*** Extracted material

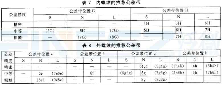表7的内螺纹公差带能与表8的外螺纹公差带形成任意组合但是,为了保证内、外螺纹间有足够的螺纹接触高度,推荐完工后的螺纹零件宜优先组成H/g、H/h或G/h配合。对公称直径小于和等于1.4mm的螺纹,应选用5H/6h、4H/6h或更精密的配合。
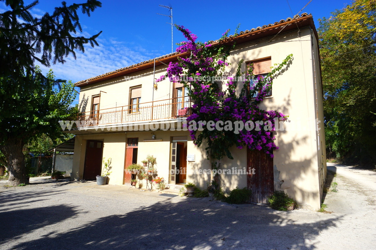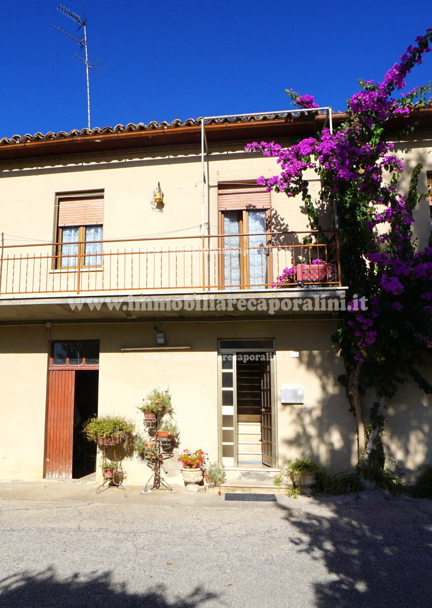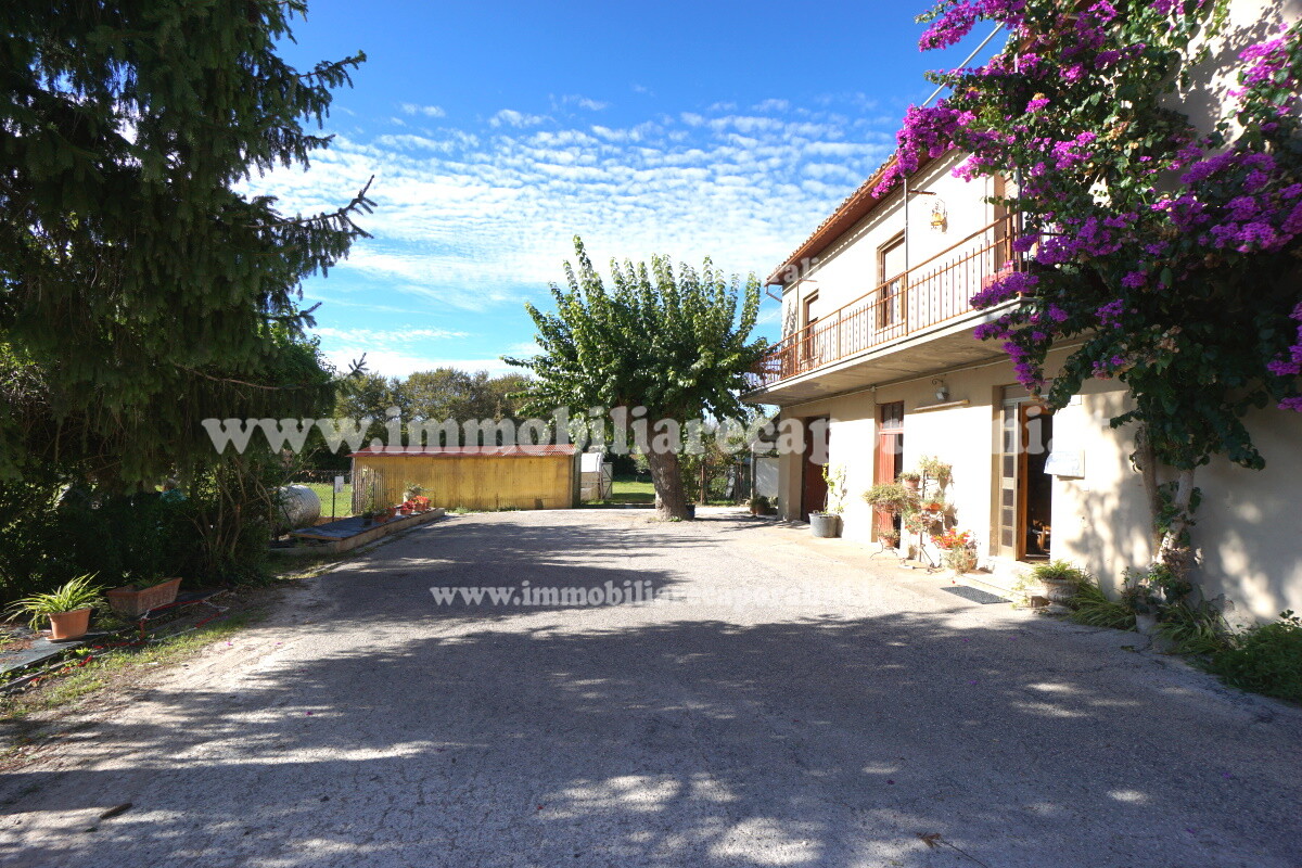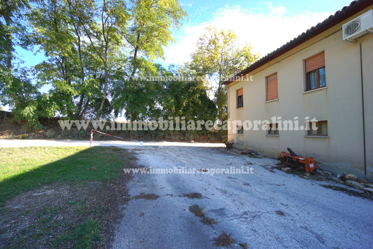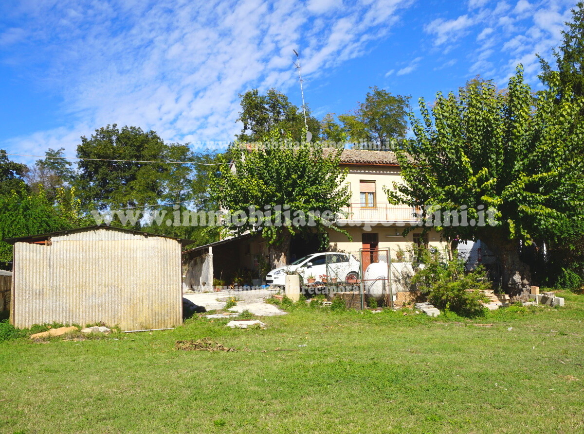L’Agenzia Immobiliare Caporalini propone in vendita a Montecassiano (MC): casa colonica su tre (3) piani, composta da abitazione al piano primo (1) di circa 145 mq con balcone di circa 15 mq, con soffitta al piano secondo (2) di circa 145 mq (con altezza centrale h Max 1,50 mt), con 2 vani uso ripostiglio/deposito al piano terra (T) di complessivi circa 40 mq, più ampio garage al piano terra (T) di circa 100 mq con annesso w.c., più accessori esterni adibiti ad uso deposito e tettoie al piano terra (T) di complessivi circa 110 mq, il tutto comprensivo di corte esclusiva esterna e frustolo di terreno agricolo pianeggiante di circa 12500 mq. L’immobile è composto da:
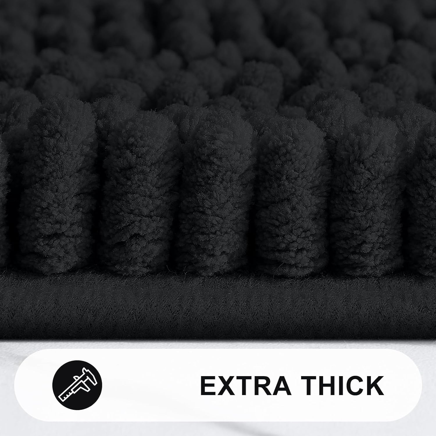 Grandaily Chenille Striped Bathroom Rugs 70x24, Extra Thick and Absorbent Bath Mats, Non-Slip Soft Plush Shaggy Shower Carpet, Machine Wash Dry, Bath Rug for Bathroom, Black
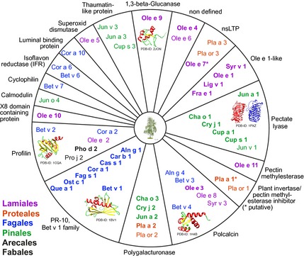До 70% пациентов с респираторными симптомами в районе Средиземноморья являются сенсибилизированными к пыльце оливкового дерева11. Ole e 1 представляет собой основной аллерген этой пыльцы и является эпонимом семейства Ole e 1-подобных белков с гомологами в пыльце деревьев, трав и сорняков. Мажорным аллергеном пыльцы оливкового дерева является Ole e 7 (LTP), ассоциированный с анафилактической реакцией при употреблении фруктов сенсибилизированными пациентами с поллинозом.
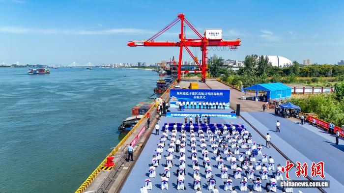 图为荆州港盐卡港区直航日韩国际航线首航。(无人机图片)张梦瑶 摄
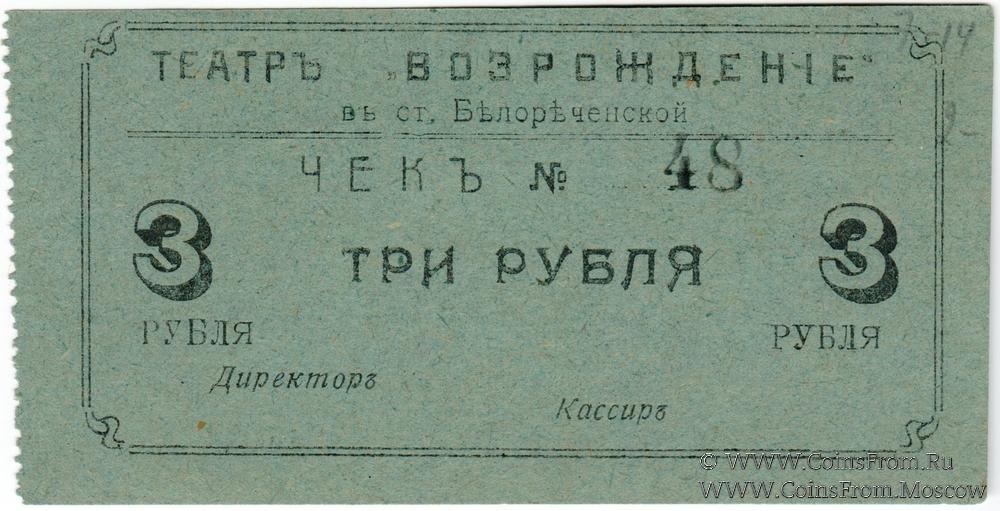 Чек (1919 г.) без даты. Театр "Возрождение" в станице Белореченской.
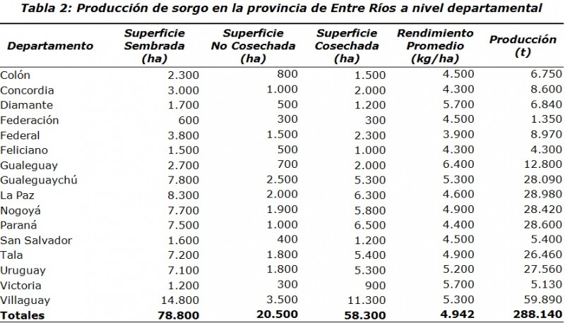 Los datos estadísticos sobre la superficie implantada con sorgo a nivel departamental se presentan en la Tabla 2.

******

__Activity__. Without the pictures, copy the entries from their first line through the line containing "Grandaily Chenille Striped", and only those lines.

__Completed task__.
表7的内螺纹公差带能与表8的外螺纹公差带形成任意组合但是,为了保证内、外螺纹间有足够的螺纹接触高度,推荐完工后的螺纹零件宜优先组成H/g、H/h或G/h配合。对公称直径小于和等于1.4mm的螺纹,应选用5H/6h、4H/6h或更精密的配合。
L’Agenzia Immobiliare Caporalini propone in vendita a Montecassiano (MC): casa colonica su tre (3) piani, composta da abitazione al piano primo (1) di circa 145 mq con balcone di circa 15 mq, con soffitta al piano secondo (2) di circa 145 mq (con altezza centrale h Max 1,50 mt), con 2 vani uso ripostiglio/deposito al piano terra (T) di complessivi circa 40 mq, più ampio garage al piano terra (T) di circa 100 mq con annesso w.c., più accessori esterni adibiti ad uso deposito e tettoie al piano terra (T) di complessivi circa 110 mq, il tutto comprensivo di corte esclusiva esterna e frustolo di terreno agricolo pianeggiante di circa 12500 mq. L’immobile è composto da:
 Grandaily Chenille Striped Bathroom Rugs 70x24, Extra Thick and Absorbent Bath Mats, Non-Slip Soft Plush Shaggy Shower Carpet, Machine Wash Dry, Bath Rug for Bathroom, Black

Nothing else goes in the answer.